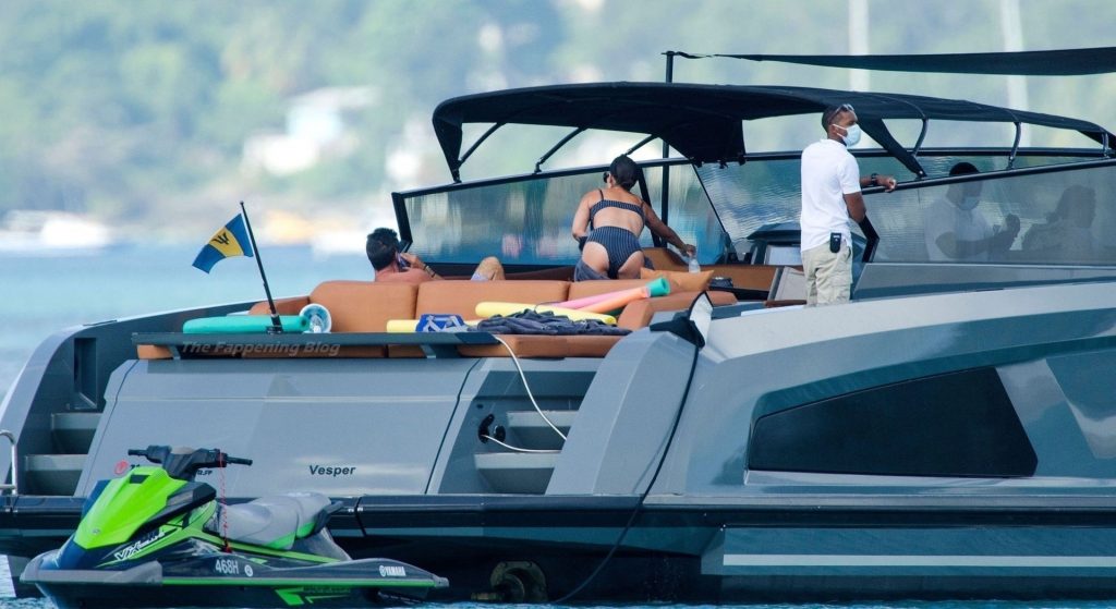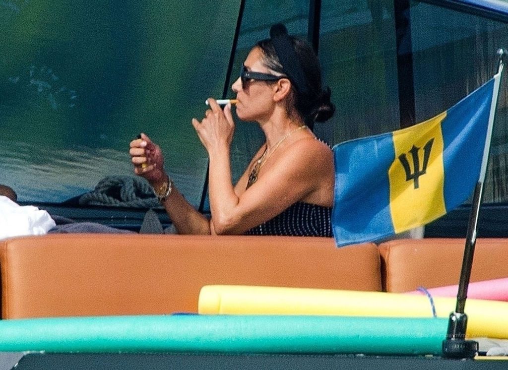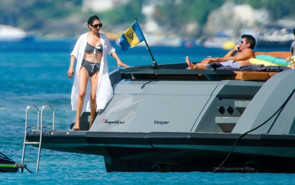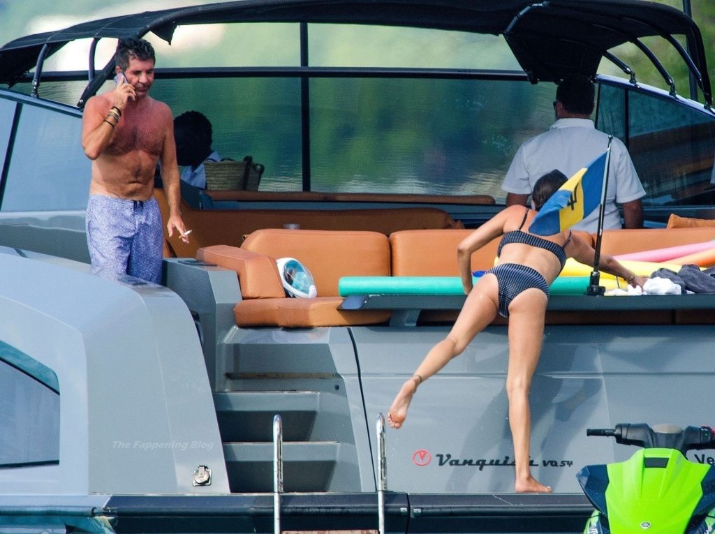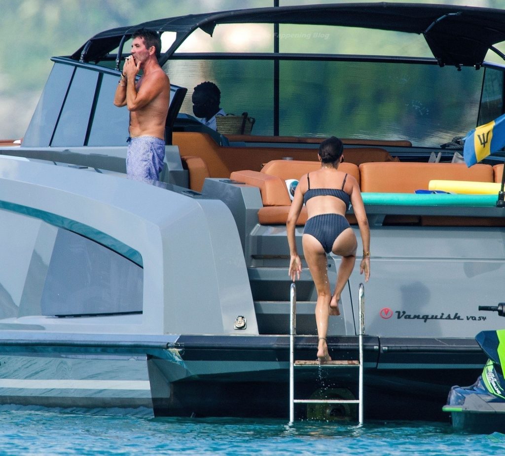 Simon se aseguró de divertirse durante su descanso surfeando algunas olas en su moto acuática mientras su pareja Lauren Silverman se relajaba con un cigarrillo en la boca, mostrando su elegante figura con su pequeño y escaso bikini.
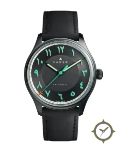 A Minimalist watch with a bold 47.5mm presence on the wrist, crafted from stainless steel featuring a black dial with a unique matte finish.
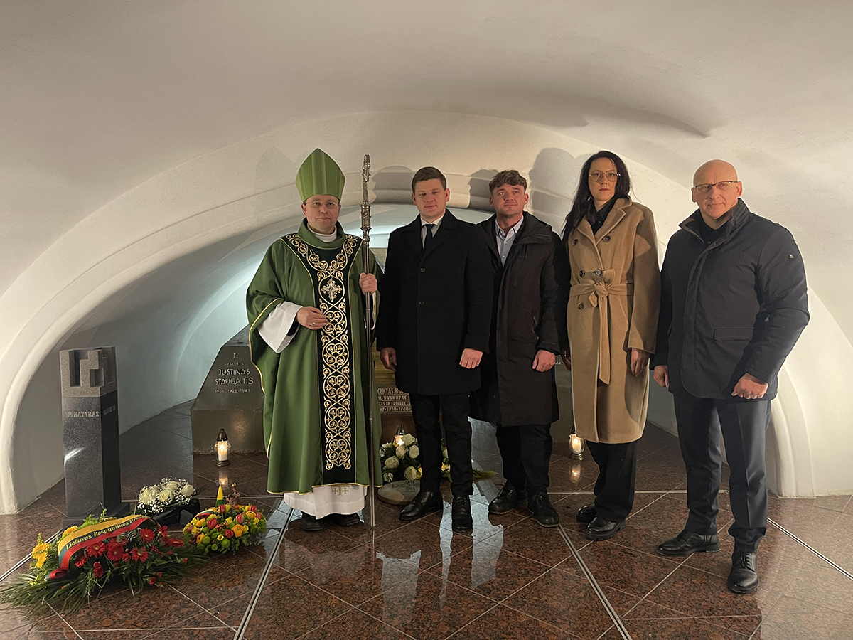 Po šv. Mišių Telšių katedroje buvo sugiedotas Lietuvos Respublikos himnas. Liturginė procesija nusileido į kriptą, kurioje prie vyskupo signataro Justino Staugaičio kapo Telšių rajono savivaldybės meras padėjo signatarui skirtą puokštę. Pasimeldę ir pagerbę nusipelniusius vyskupijos ganytojus žmonės išskubėjo į šventinį koncertą.

_WORK TO BE COMPLETED_: Write out each line of the listing above, exactly, from its first line to the line holding "A Minimalist watch", inclusive. Skip the pictures.

_OUTPUT OF THE TASK_:
 Simon se aseguró de divertirse durante su descanso surfeando algunas olas en su moto acuática mientras su pareja Lauren Silverman se relajaba con un cigarrillo en la boca, mostrando su elegante figura con su pequeño y escaso bikini.
 A Minimalist watch with a bold 47.5mm presence on the wrist, crafted from stainless steel featuring a black dial with a unique matte finish.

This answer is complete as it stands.